Laurence Isaac Balter, Chief Market Strategist at Oracle Investment Research, is among those who is opposed to Einhorn's idea, and he has his own ideas about how Apple can support shareholders. Chief among them is a 10:1 stock split.

"With all due respect to Mr. Einhorn, I do not see how bleeding Apple’s cash flow to support anyone but those domiciled in the Cayman Islands with a tax-free dividend into perpetuity (and a 10% tax equivalent yield)," said Balter.

In his view, the problem is with retail investors, and psychologically is everything, thinks Balter.

"You see, the real problem with Apple shares is that we in the business know the stock is super cheap based on any valuation metrics you like. The problem is that the average American retail investor doesn’t buy P/E ratios. They buy (or sell) share price action.
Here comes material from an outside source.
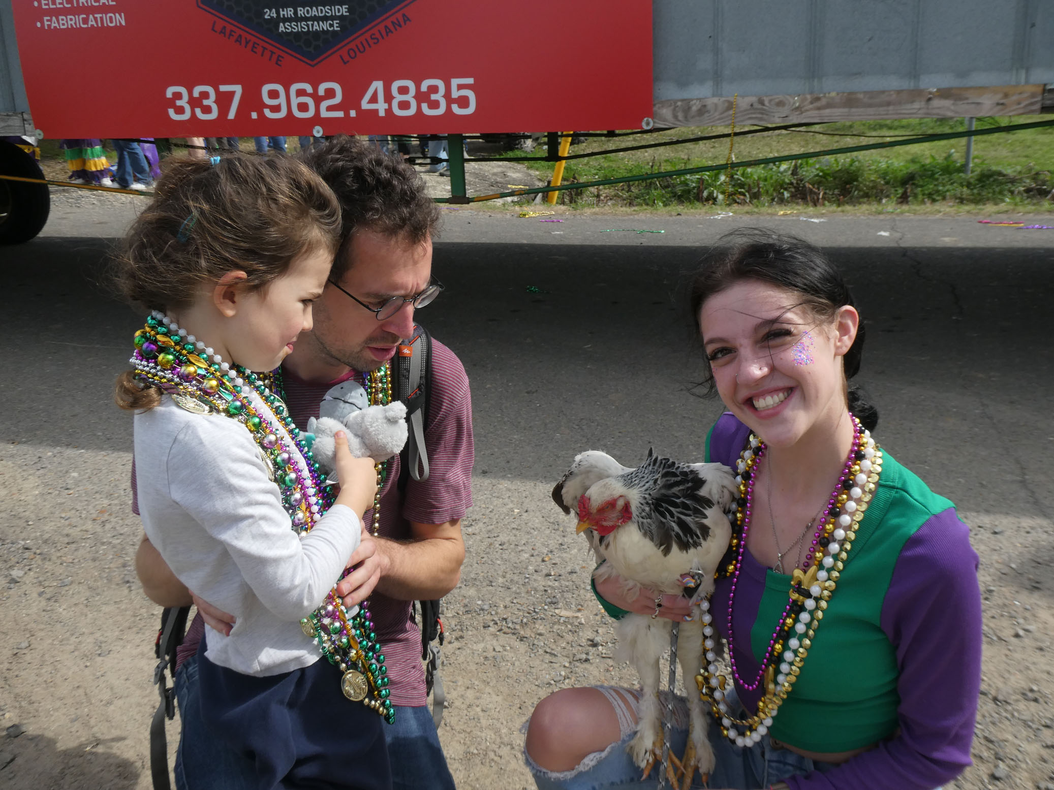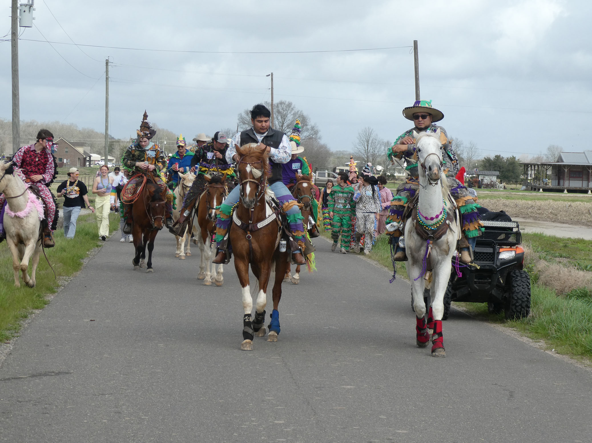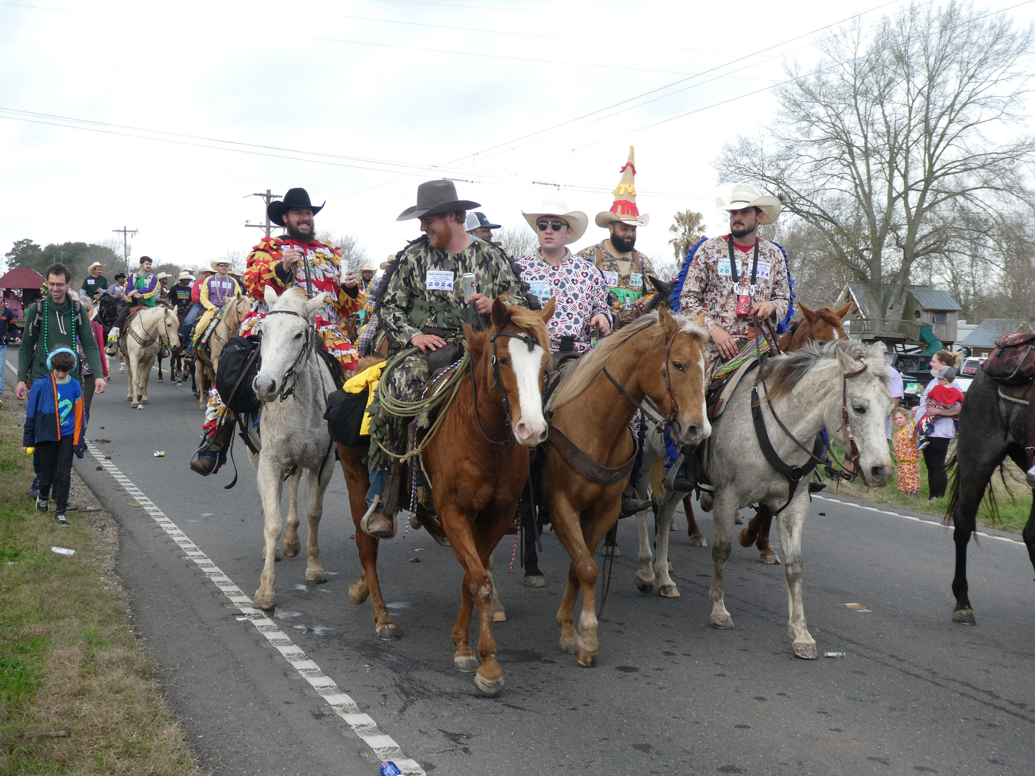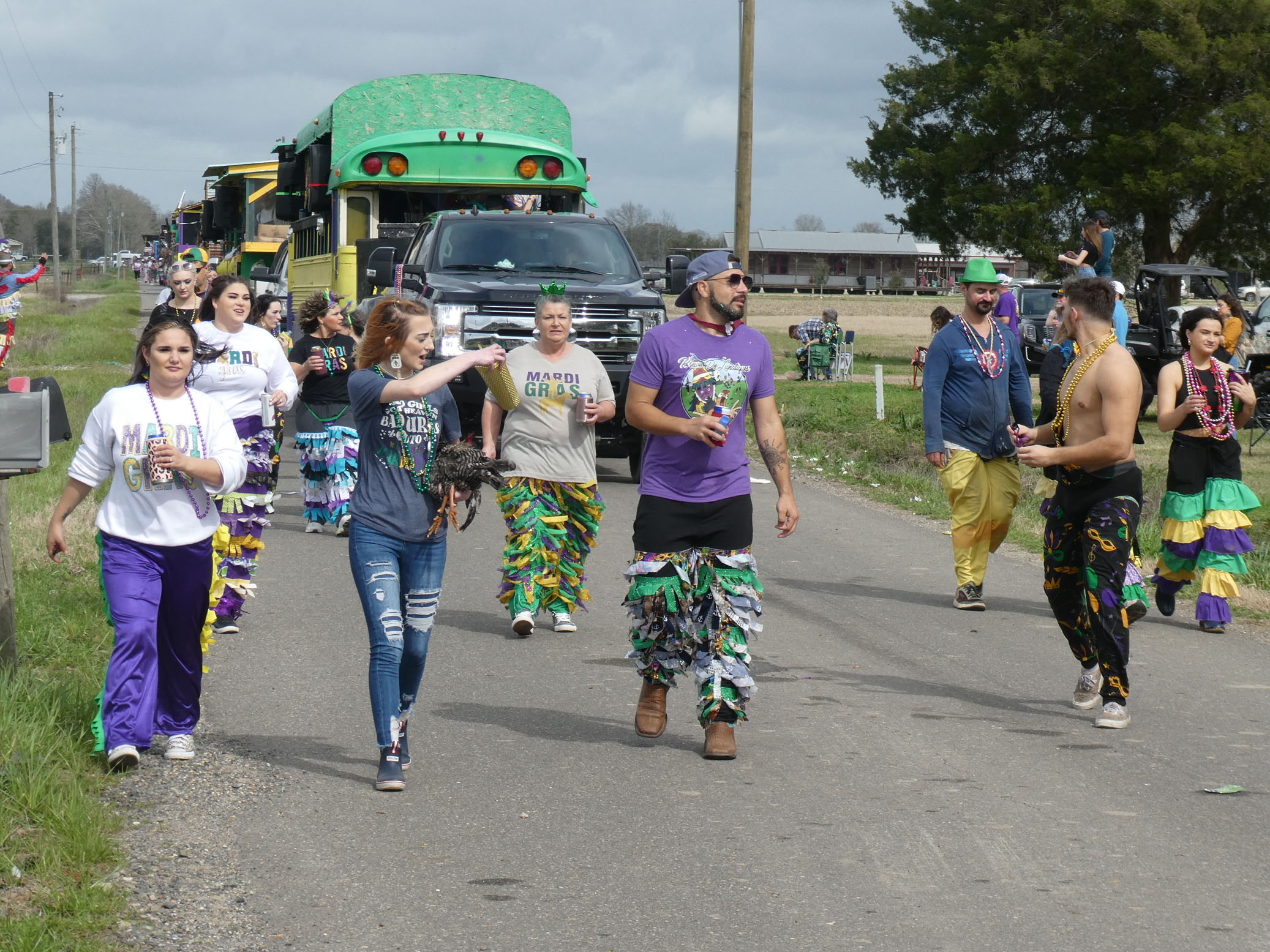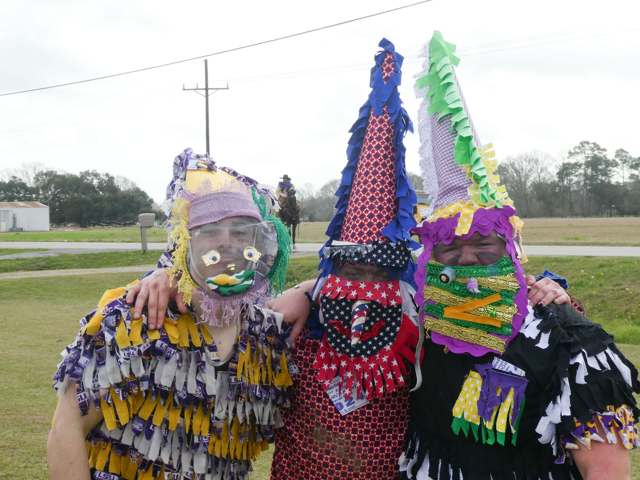 Aujourd’hui nous avons vu l’Amérique profonde. Nous sommes allés à Church Point (Pointe à l’Église), dans la campagne près de Lafayette, pour suivre un « Courir de Mardi Gras ». Des chevaux, des déguisements, des poules qu’on jette et que les gens doivent attraper, une parade, des colliers jetés dans la foule, de la musique … et beaucoup de bière. Trump semble y avoir une bonne réserve d’électeurs.

And in the past 6 months, non-block money flow selling has accelerated."

A stock split obviously doesn't change things fundamentally, but Balter thinks the cheaper price will attract retail investors and support shares.

Apple's annual meeting will be held on Wednesday, February 27, 2013 at 9:00 a.m. Pacific Standard Time and investors are expecting something big.

In addition to fringe ideas like 'iPrefs' or a stock split, investors in Apple are clamoring for: a one time special dividend; a doubling of the regular dividend; a large immediate share repurchase through a tender offer; and a larger ongoing share repurchase plan.